Structured Streaming: A Declarative API for Real-Time Applications in Apache Spark译文

下面翻译一下,Spark 2.4 版本后舍弃 Spark Streaming 转向 Structured Streaming的趋势了
Structured Streaming: A Declarative API for Real-Time
Applications in Apache Spark
Abstract
With the ubiquity of real-time data, organizations need streaming systems that are scalable, easy to use, and easy to integrate into business applications. Structured Streaming is a new high-level streaming API in Apache Spark based on our experience with Spark Streaming. Structured Streaming differs from other recent streaming APIs, such as Google Dataflow, in two main ways. First, it is a purely declarative API based on automatically incrementalizing a static relational query (expressed using SQL or DataFrames), in contrast to APIs that ask the user to build a DAG of physical operators.
Second, Structured Streaming aims to support end-to-end real-time applications that integrate streaming with batch and interactive analysis. We found that this integration was often a key challenge in practice. Structured Streaming achieves high performance via Spark SQL’s code generation engine and can outperform Apache Flink by up to 2× and Apache Kafka Streams by 90×. It also offers rich operational features such as rollbacks, code updates, and mixed streaming/batch execution. We describe the system’s design and use cases from several hundred production deployments on Databricks, the largest of which process over 1 PB of data per month.
翻译:
随着实时数据的普遍性,企业也更加需要“流式计算系统”具有更好的可扩展性、容易使用,并且容易整合进业务系统中去。基于我们在Spark Streaming的经验,Structured Streaming在Apache Spark中是一种更高级的流式API。Structured Streaming与近来流行其他流式API,像谷歌的Dataflow,主要有两点不同。

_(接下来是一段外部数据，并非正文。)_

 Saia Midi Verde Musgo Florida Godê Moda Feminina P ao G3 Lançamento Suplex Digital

首先,它是一个纯粹的声明式API,基于自动递增静态关系查询(使用SQL或DataFrames表示),而不是要求用户构建物理操作符的DAG的API。
第二,Structured Streaming旨在支持端到端处理真实实时应用,该应用将流与批处理和交互分析集成在一起。在实践时才发现,批流的集成才是真正关键的挑战。Structured Streaming通过Spark SQL代码生成器能够取得很好的表现。我们测试时得到的效果是:它的性能是Flink的两倍,是Apache Kafka Stream的90倍(主要应该是吞吐量上,可参考第9节的具体讲解)。它也提供了丰富的操作特性,比如:回滚,代码更新,混合批处理和流处理。我们从Databricks上的几百个生产部署中描述了系统的设计和用例,其中最大的部署每月处理超过1pb的数据。
1、Introduction
Many high-volume data sources operate in real time, including sensors, logs from mobile applications, and the Internet of Things. As organizations have gotten better at capturing this data, they also want to process it in real time, whether to give human analysts the freshest possible data or drive automated decisions. Enabling broad access to streaming computation requires systems that are scalable,easy to use and easy to integrate into business applications.
大量数据的数据源包括传感器信息、移动应用产生的日志和物联网都是实时的数据源。随着企业越来越容易获取这些数据,他们也希望实时处理这些数据,无论是为分析师提供最新的数据,还是推动自动化决策。要实现对流计算的广泛访问,需要具有可扩展性、易于使用和易于集成到业务应用程序中的系统。

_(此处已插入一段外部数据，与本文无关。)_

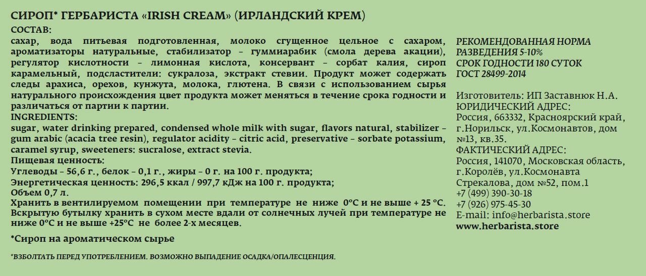 Купить Сироп для кофе, коктейлей, десертов и выпечки Herbarista, Ирландский Крем Irish Cream, 700 мл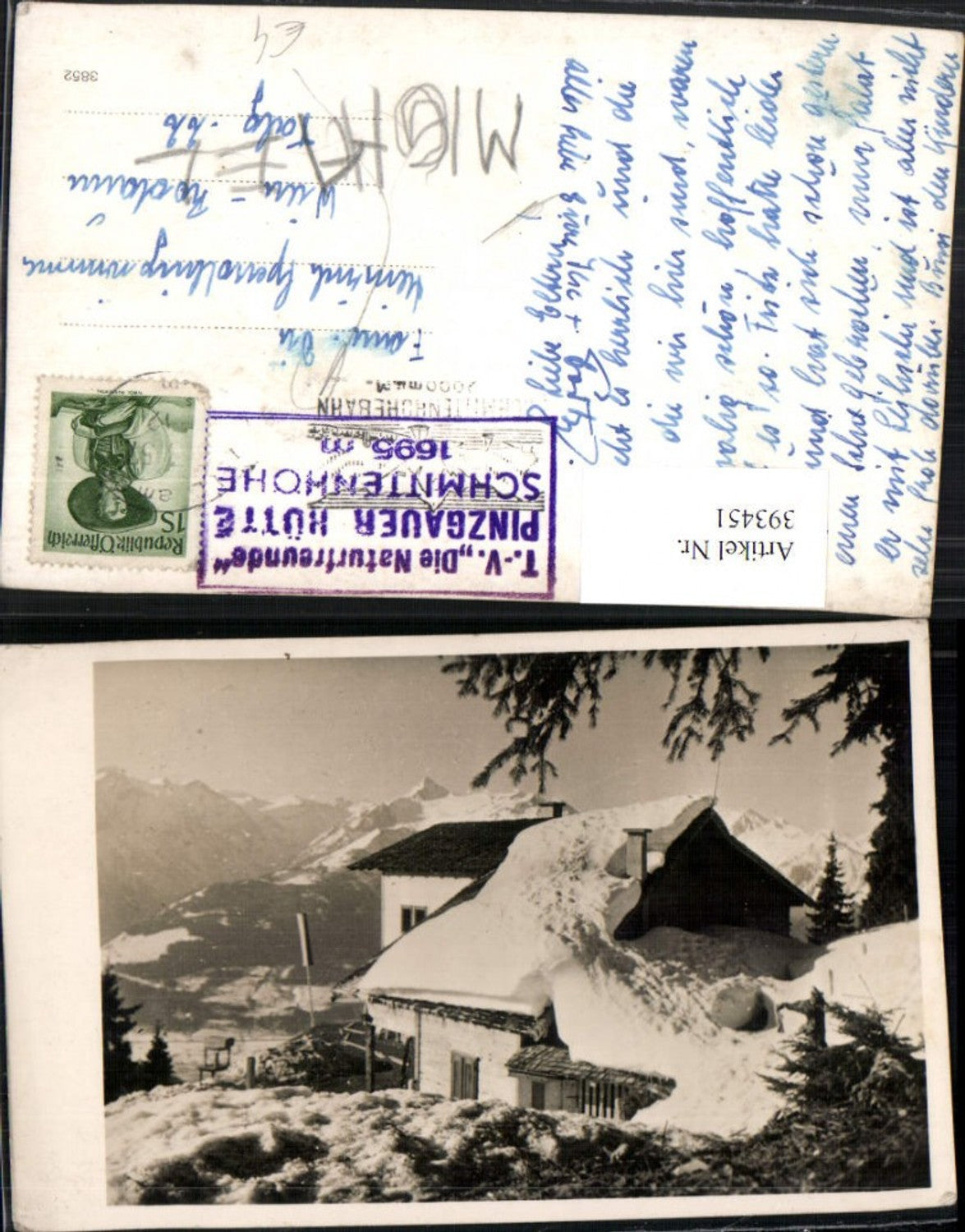 393451,Foto AK Pinzgauer-Hütte Berghütte b. Zell am See Bergkulisse Winterbild

While there has been tremendous progress in distributed stream processing systems in the past few years,these systems still remain fairly challenging to use in practice. In this paper, we begin by describing these challenges, based on our experience with Spark Streaming, one of the earliest stream processing systems to provide a high-level, functional API. We found that two challenges frequently came up with users. First, streaming systems often ask users to think in terms of complex physical execution concepts,such as at-least-once delivery,state storage and triggering modes, that are unique to streaming. Second, many systems focus only on streaming computation, but in real use cases, streaming is often part of a larger business application that also includes batch analytics, joins with static data, and interactive queries. Integrating streaming systems with these other workloads (e.g., maintainingtransactionality) requires significant engineering effort.
虽然分布式流处理系统在过去的几年中取得了巨大的进步,但这些系统在实际应用中仍然具有相当大的挑战性。在本文中,基于对Spark Streaming(最早提供高级功能API的流处理系统之一)的经验,我们首先描述这些挑战。我们发现用户经常面临两个调整。首先,流式系统通常要求用户考虑复杂的物理执行概念,例如至少一次传递、状态存储和触发模式,这些都是流所特有的。第二,许多系统只关注流计算,但在实际用例中,流通常是大型业务应用程序的一部分,该应用程序还包括批量分析、静态数据连接和交互式查询。将流计算系统与这些其他工作负载集成(例如,维护事务性)还需要大量的工程工作。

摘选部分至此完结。